* **DATASET CONTENT**
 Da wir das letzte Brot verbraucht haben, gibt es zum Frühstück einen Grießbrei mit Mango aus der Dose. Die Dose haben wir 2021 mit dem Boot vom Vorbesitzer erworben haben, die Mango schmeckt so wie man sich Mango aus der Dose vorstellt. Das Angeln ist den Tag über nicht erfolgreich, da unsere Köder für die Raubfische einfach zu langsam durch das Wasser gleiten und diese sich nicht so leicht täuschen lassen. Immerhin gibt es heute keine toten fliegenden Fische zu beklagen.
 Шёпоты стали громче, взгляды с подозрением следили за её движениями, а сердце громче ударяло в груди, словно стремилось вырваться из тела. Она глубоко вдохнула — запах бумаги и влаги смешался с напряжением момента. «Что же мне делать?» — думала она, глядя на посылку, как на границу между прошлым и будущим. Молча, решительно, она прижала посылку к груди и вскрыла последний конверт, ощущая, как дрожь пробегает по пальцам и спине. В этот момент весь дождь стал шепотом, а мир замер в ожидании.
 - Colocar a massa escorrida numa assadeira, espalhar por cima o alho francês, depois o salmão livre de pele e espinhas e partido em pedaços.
==
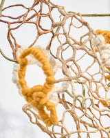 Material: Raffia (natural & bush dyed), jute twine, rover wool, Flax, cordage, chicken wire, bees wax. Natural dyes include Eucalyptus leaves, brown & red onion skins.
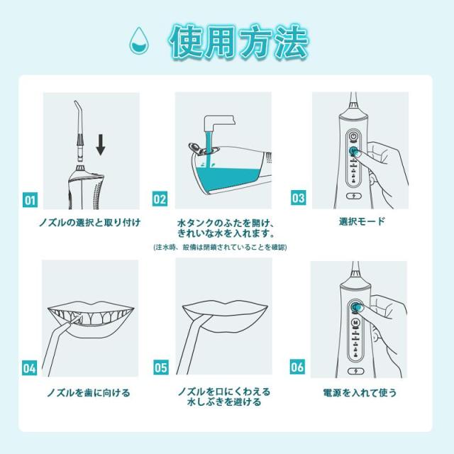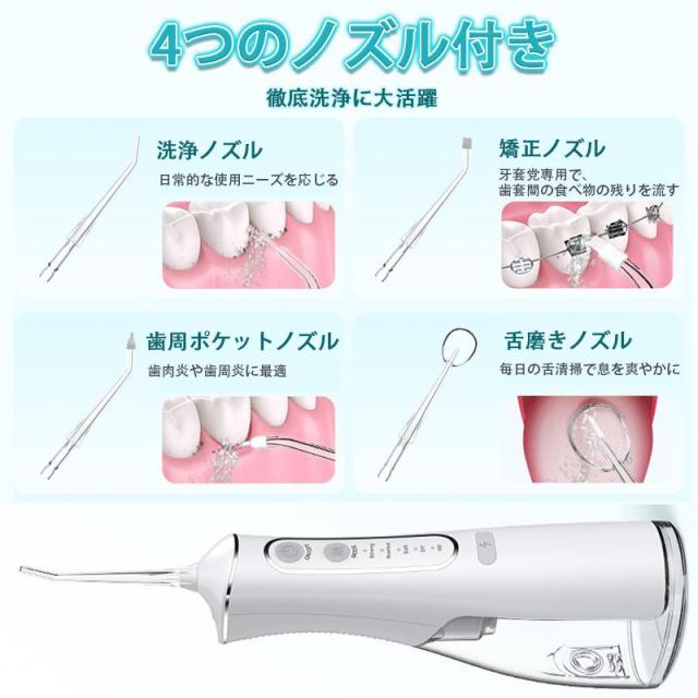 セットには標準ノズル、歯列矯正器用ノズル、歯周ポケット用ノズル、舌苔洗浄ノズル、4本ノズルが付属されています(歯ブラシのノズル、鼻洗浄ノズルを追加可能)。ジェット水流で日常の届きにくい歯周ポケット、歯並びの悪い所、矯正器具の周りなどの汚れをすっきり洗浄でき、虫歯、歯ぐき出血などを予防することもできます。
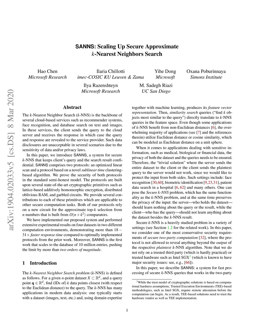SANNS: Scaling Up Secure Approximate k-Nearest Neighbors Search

* **YOUR ASSIGNMENT**
Please output the lines of the listing above that fall in the stretch from the one with "Da wir das letzte" through the one with "- Colocar a", exactly and only those.

* **TASK ANSWER**
 Da wir das letzte Brot verbraucht haben, gibt es zum Frühstück einen Grießbrei mit Mango aus der Dose. Die Dose haben wir 2021 mit dem Boot vom Vorbesitzer erworben haben, die Mango schmeckt so wie man sich Mango aus der Dose vorstellt. Das Angeln ist den Tag über nicht erfolgreich, da unsere Köder für die Raubfische einfach zu langsam durch das Wasser gleiten und diese sich nicht so leicht täuschen lassen. Immerhin gibt es heute keine toten fliegenden Fische zu beklagen.
 Шёпоты стали громче, взгляды с подозрением следили за её движениями, а сердце громче ударяло в груди, словно стремилось вырваться из тела. Она глубоко вдохнула — запах бумаги и влаги смешался с напряжением момента. «Что же мне делать?» — думала она, глядя на посылку, как на границу между прошлым и будущим. Молча, решительно, она прижала посылку к груди и вскрыла последний конверт, ощущая, как дрожь пробегает по пальцам и спине. В этот момент весь дождь стал шепотом, а мир замер в ожидании.
 - Colocar a massa escorrida numa assadeira, espalhar por cima o alho francês, depois o salmão livre de pele e espinhas e partido em pedaços.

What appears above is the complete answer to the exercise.